Like stock tires, the new tires for your Jeep Wrangler should last between 50,000 – 60,000 miles. If you are doing a lot of off-roading on some really rugged terrain, your mileage will greatly decrease.
Those who take it nice and easy on the freeway may have tires that last even longer than that.
The heavy tread on these tires gives them a lot more longevity than the ones used on smaller vehicles that don’t have as much tread.
Why Is It Important To Replace My Jeep Tires?
While there’s no need to replace your tires hastily if they are still in great shape, you should absolutely be checking your tires for signs of wear and tear and to see if they are still suitable for use.
If you keep driving with tires that aren’t up to snuff, a whole myriad of issues can soon follow.
These issues include alignment problems, suspension issues, tire balance problems, or chipping when you are using your tires in off-road situations.
Tire Considerations For Other Jeeps
If you read this article and are thinking, “but what about Jeep Rubicon tire size?” Don’t worry, we are going to go into considerations for other Jeeps, as well.
Jeep Wranglers are designed for off-roading, so buying large and heavily treaded off-roading tires makes sense for most Jeep Wrangler owners.
However, that simply isn’t the case with many other Jeep models. Many Jeeps are more commuter-friendly and family-friendly than a Wrangler, and they should be treated as such.
The Rubicon can use the tire recommendations above fairly easily. The important difference is to ensure what size lift kit you will need if you are upgrading your tire size.
However, the tire sizes and types are still going to be good for the same use-cases whether you have a Wrangler or a Rubicon. The important thing here is to ensure that the tires will fit with your vehicle safely.
For commuter Jeeps, you will want to stick with the stock tire size supplied to you when you bought your vehicle. However, if you are someone who drives in wintery conditions, buying Winter tires is always a good idea.
Tire Tips For Off-Roaders
Finally, let’s talk about how to transition your tires from commuting to off-roading.
Obviously, you are going to have to commute to the trail, mountain, or sand dune you’re tackling, and you probably aren’t going to be taking a whole extra set of tires with you, right?

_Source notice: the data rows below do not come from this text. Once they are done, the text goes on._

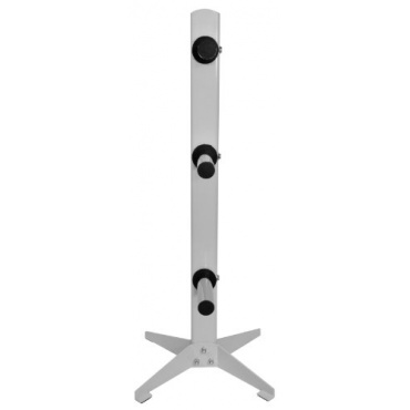 Alle gängigen Hantelscheiben im Durchmesser von 50/51 mm eignen sich für das Gerät. Verstaut werden diese auf 6 Ablage-Pins aus verchromtem Stahl, welche am Ende als Sicherung mit Kunststoff-Endkappen versehen sind. Hierbei können Hantelscheiben bis zu einem maximalen Gewicht von bis zu 280 kg verstaut werden. Dabei kommt die Standsicherheit nicht zu kurz, denn diese wird durch schwarze Gummi-Puffer Endkappen unter dem Rahmen gewährleistet. So hat man auch bei unebenen oder glatten Oberflächen Stabilität und sicheren Stand.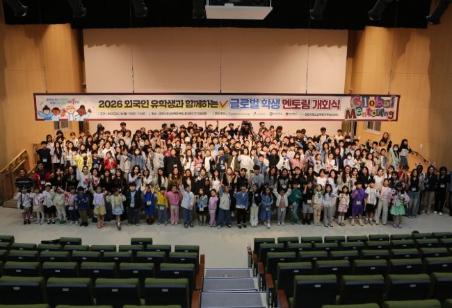 (중부시사신문) 천안시청소년재단 산하 천안시청소년복합커뮤니티센터가 지난 18일 센터 대공연장에서 ‘2026 외국인 유학생과 함께하는 글로벌 학생 멘토링’ 개회식을 성황리에 개최했다.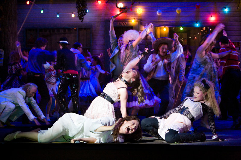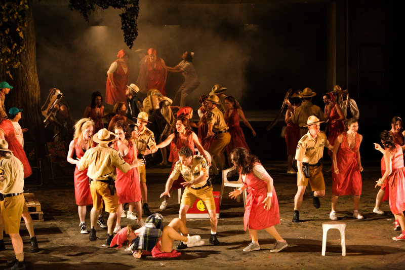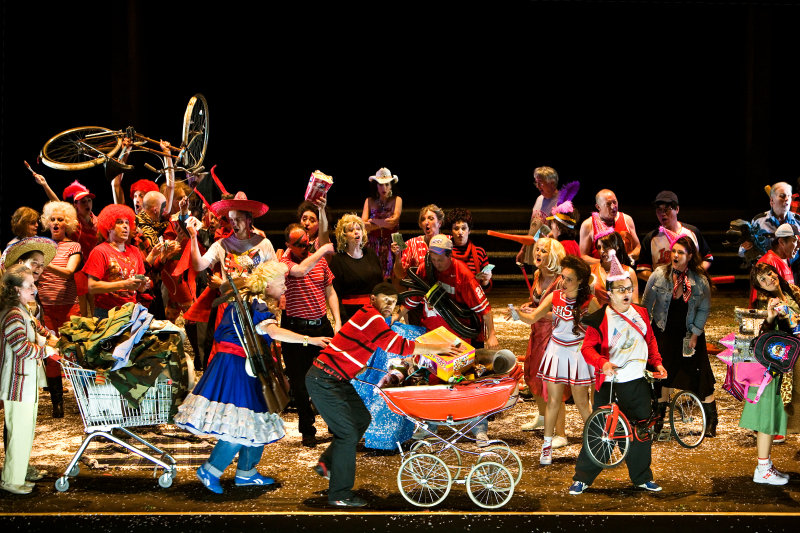 Теперь же, взглянув на афишу или увидев фото с премьеры, ни за что не понять без подписи, о чём идёт речь. Полчища размалёванных лиц, с пирсингом, татуировками, в сером, чёрном и мятом, полуодетые или совершенно голые, с пулемётами, шприцами, плётками... то в мундирах со свастикой, то в рваных футболках с микки-маусом, замершие в непристойных позах, двусмысленных положениях – все они совершенно неопознаваемы.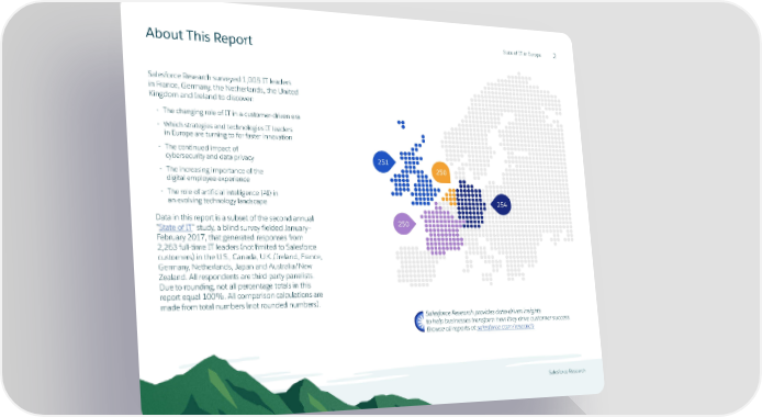 State of IT in Europe About This Report 2 Salesforce Research surveyed 1,005 IT leaders in France, Germany, the Netherlands, the United Kingdom and Ireland to discover: • The changing role of IT in a customer-driven era • Which strategies and technologies IT leaders in Europe are turning to for faster innovation • The continued impact of cybersecurity and data privacy 251 • The increasing importance of the 250 digital employee experience • The role of artificial intelligence (AI) in an evolving technology landscape 254 Data in this report is a subset of the second annual 250 “State of IT” study, a blind survey fielded January– February 2017, that generated responses from 2,263 full-time IT leaders (not limited to Salesforce customers) in the U.S., Canada, U.K./Ireland, France, Germany, Netherlands, Japan and Australia/New Zealand. All respondents are third-party panelists. Due to rounding, not all percentage totals in this report equal 100%. All comparison calculations are made from total numbers (not rounded numbers). Salesforce Research provides data-driven insights to help businesses transform how they drive customer success. Browse all reports at salesforce.com/research Salesforce Research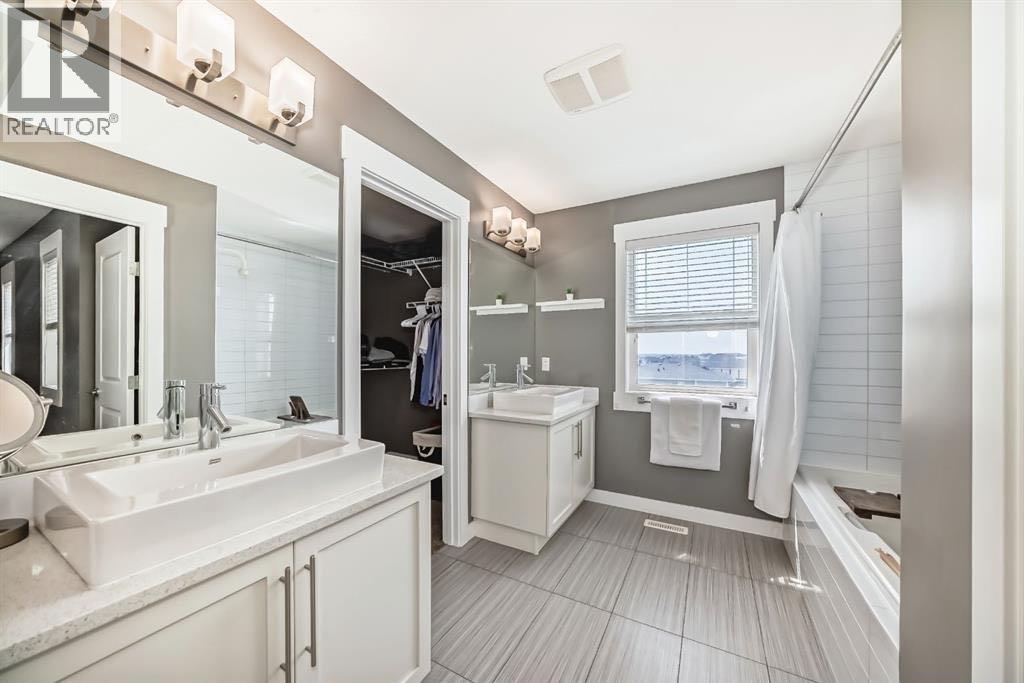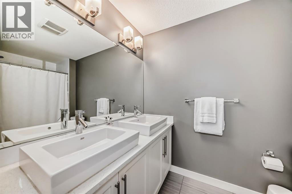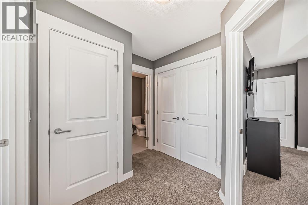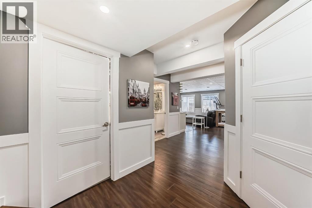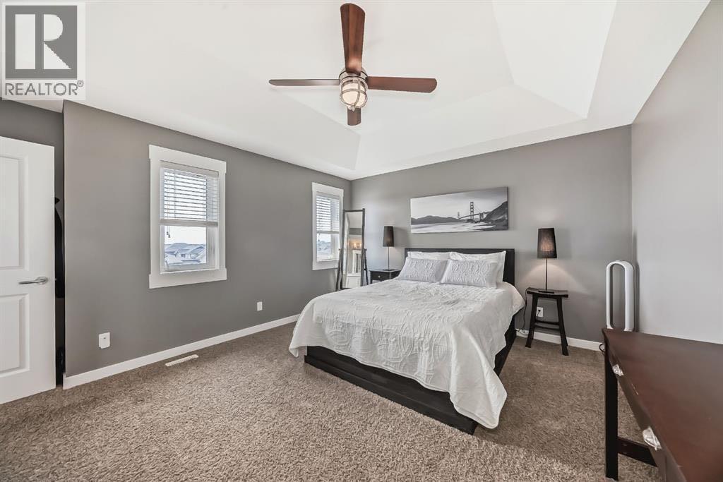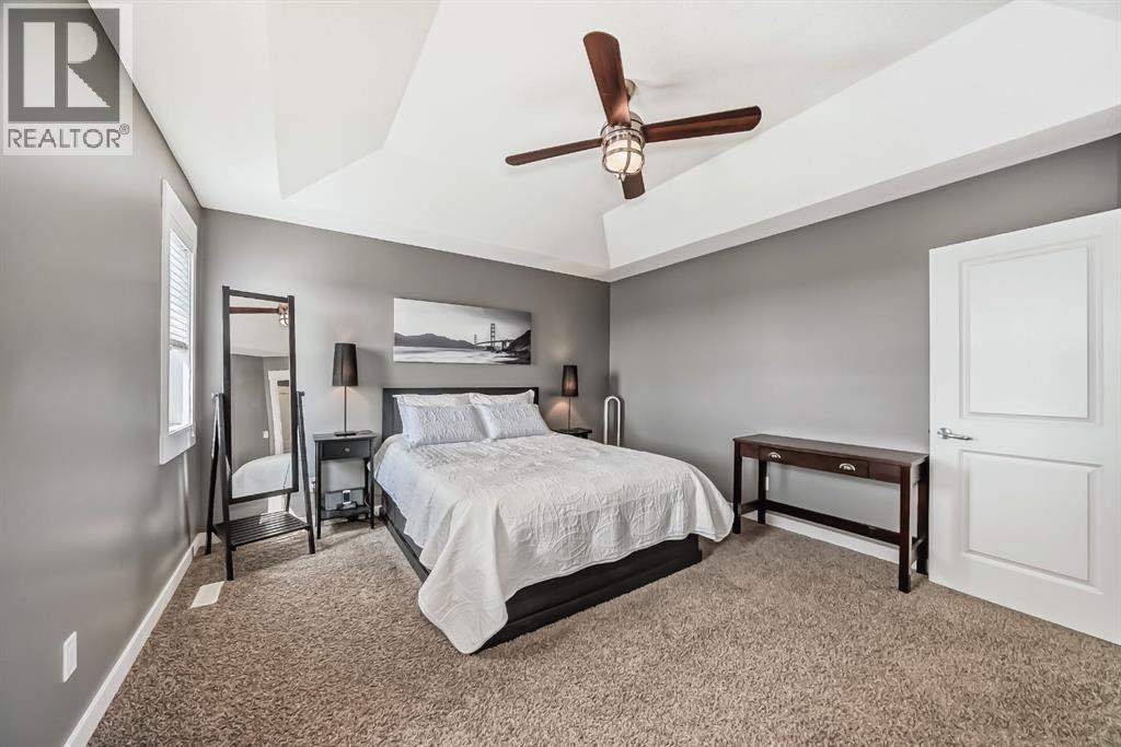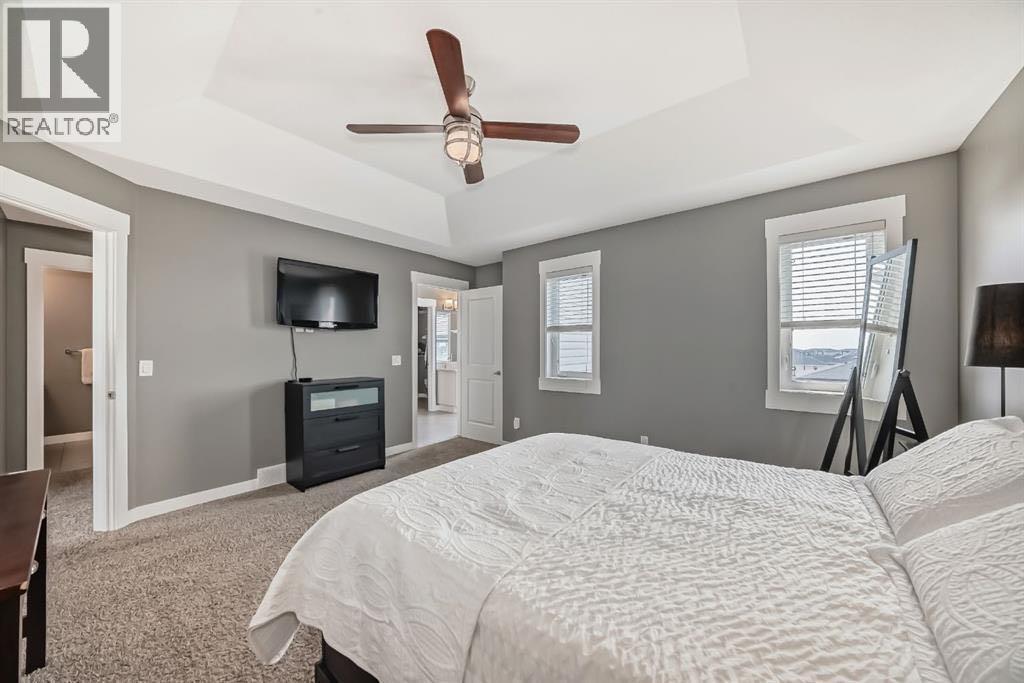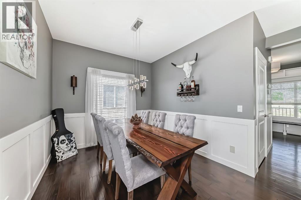 Stunning Duplex in Chestermere’s Rainbow Falls Welcome to a world of elegance and modern luxury in this breathtaking duplex, nestled in the heart of Chestermere’s coveted Rainbow Falls within the vibrant Lake Community. Meticulously crafted, this showhome-worthy residence dazzles with thoughtful upgrades and a fresh, inviting aesthetic. Exterior & Curb Appeal Charming Front Patio: Full-length patio overlooks a lush green belt, offering a warm welcome. Landscaped Backyard: Low-maintenance design with ample lounging areas for relaxation. Extended Back Deck: Complete with privacy fencing, perfect for outdoor entertaining. Oversized Double Garage: Insulated with extra-high doors, ideal for larger vehicles like trucks. Main Level Inviting Foyer: Features custom-built bench seating and intricate woodworking. Gleaming Hardwood Floors: Flow throughout, leading to a versatile flex room (office, bedroom, or more). Gourmet Kitchen: Ceiling-height white cabinetry Walk-in pantry Upgraded stainless steel appliances & gas range Expansive quartz island for prep and gatherings Sunlit Living & Dining Areas: South-facing for natural light, with a sleek gas fireplace and elegant mantel. Upper Level Primary Suite: Expansive with coffered ceilings Spa-like ensuite with dual vanities Walk-in closet with locking door for valuables Additional Bedrooms: Two generously sized rooms for flexibility (id:63190)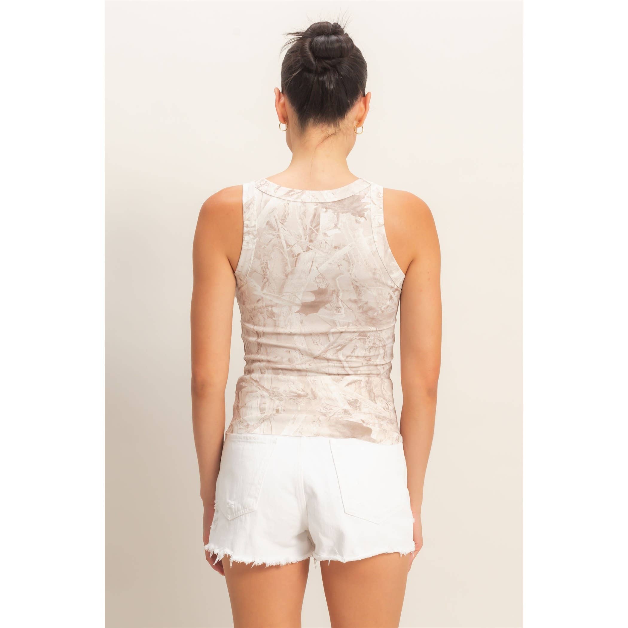 This slim fit ribbed knit tank features a classic crew neckline and a cloud wash pattern. Its clean lines and sleeveless design create a sleek silhouette, ideal for layering or standalone wear. Pair it with distressed denim shorts and sneakers for a fresh, casual ensemble. Model Is 5' 8" Tall, 32" Chest, 25" Waist, 35" Hips And Wearing A Size Small Imported. Designed In The USA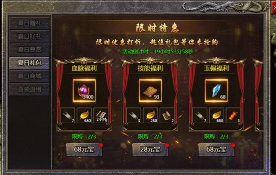 活动内容:活动期间可消耗元宝购买特惠礼包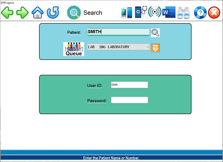 the initial EHR sign-on Screen (shown below ) type the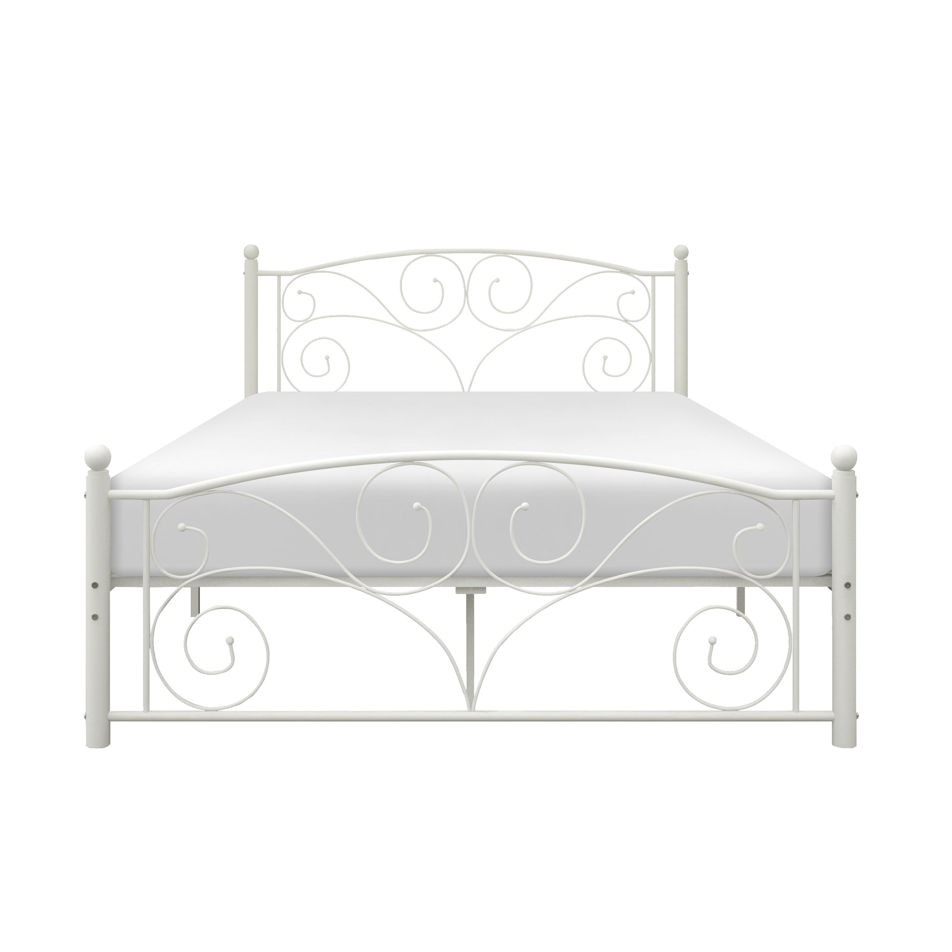 Perfectly at home in a child’s or second bedroom, the Pallina Collection will be a stylish addition to your home. Crafted of metal in white powder coating, with refined design that decorates the full size headboard and footboard, this elegant bed will pair with a number of room styles. The metal slat system requires that a mattress only is needed to complete the bed. Also available in twin.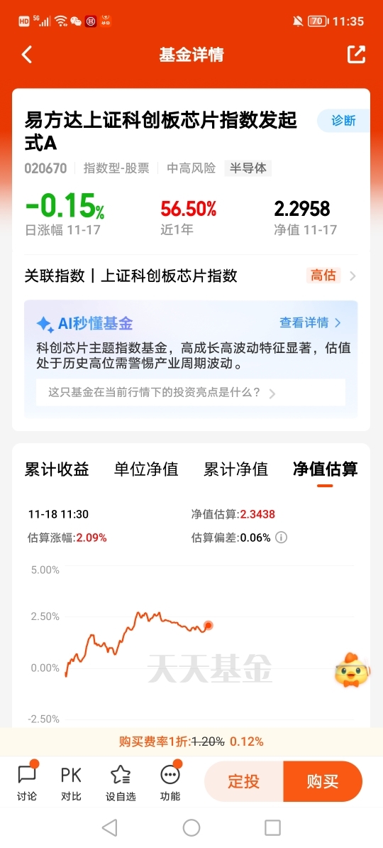 #观点搭子团火热招募中!# #热点话茬# 11月18日打卡第五天,周二芯片目前涨幅2%+,我选择持仓不动,今天行情跌多涨少,半导体产业领涨电池领跌,$易方达上证科创板芯片指数发起式C$ 目前净值估算涨了2%+,但相比前期调整来说,我的持仓还在浮亏中,好在今天的反弹给我增加了信心,继续潜伏科创芯片等待大涨,我今天暂定不操作买卖。@易方达基金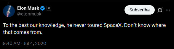 Besides the initial September lunch at his house, only one Epstein’s efforts materialized into an encounter. This was at a SpaceX tour on February 25 2013. In 2020, Musk said that Epstein never toured SpaceX “to the best our knowledge”. The files show the visit did happen and included a lunch between Epstein and Musk.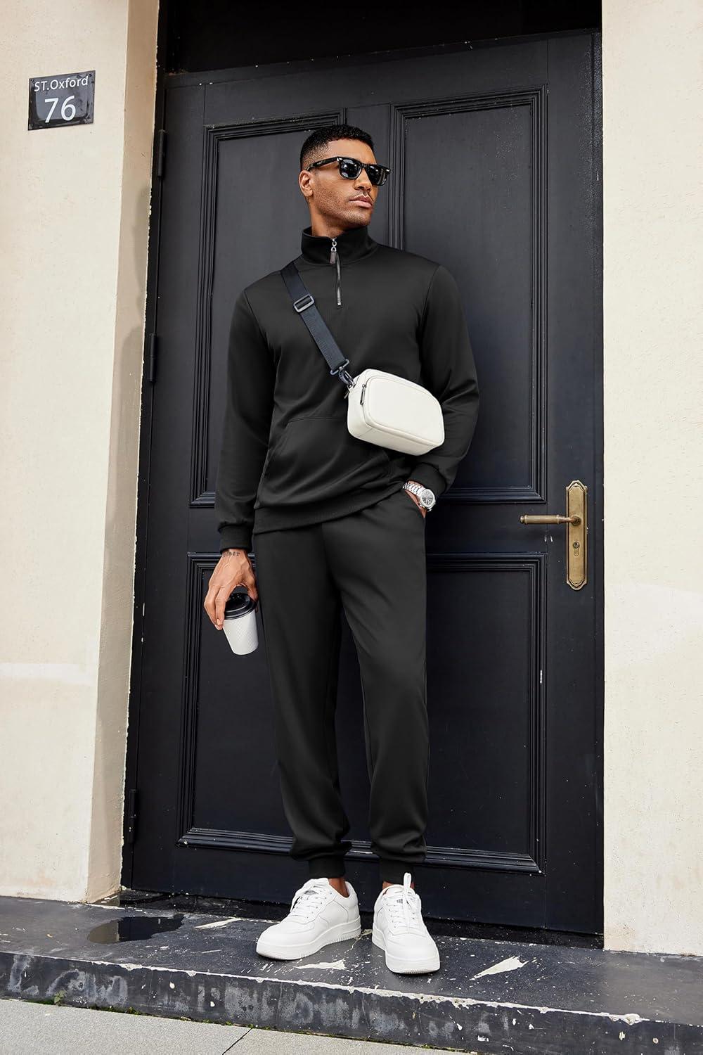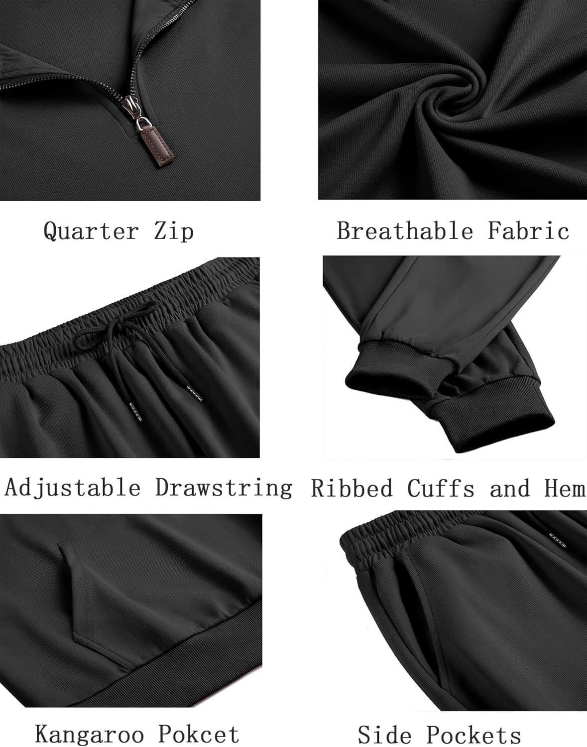 COOFANDY Men’s Tracksuit 2 Piece Quarter Zip Sweatsuit Sets Casual Athletic Running Jogging Suits(Black)

So, how do you transition between commuting and off-roading? You can do so by having a PSI gauge with you and adjusting the PSI of your tires before you hit the trails.
PSI stands for pounds per inch. Your tires need less pressure, or pounds per inch of pressure, to be able to easily go over sharp and bumpy terrain. This is as opposed to needing a lot of pressure when you are traveling at high-speeds on a soft surface.
So, when you get to your destination, you release some air and “air down” your tires. However, it is very important to refill your tires before heading back on the open road, so you need to be sure you have the capability to do so.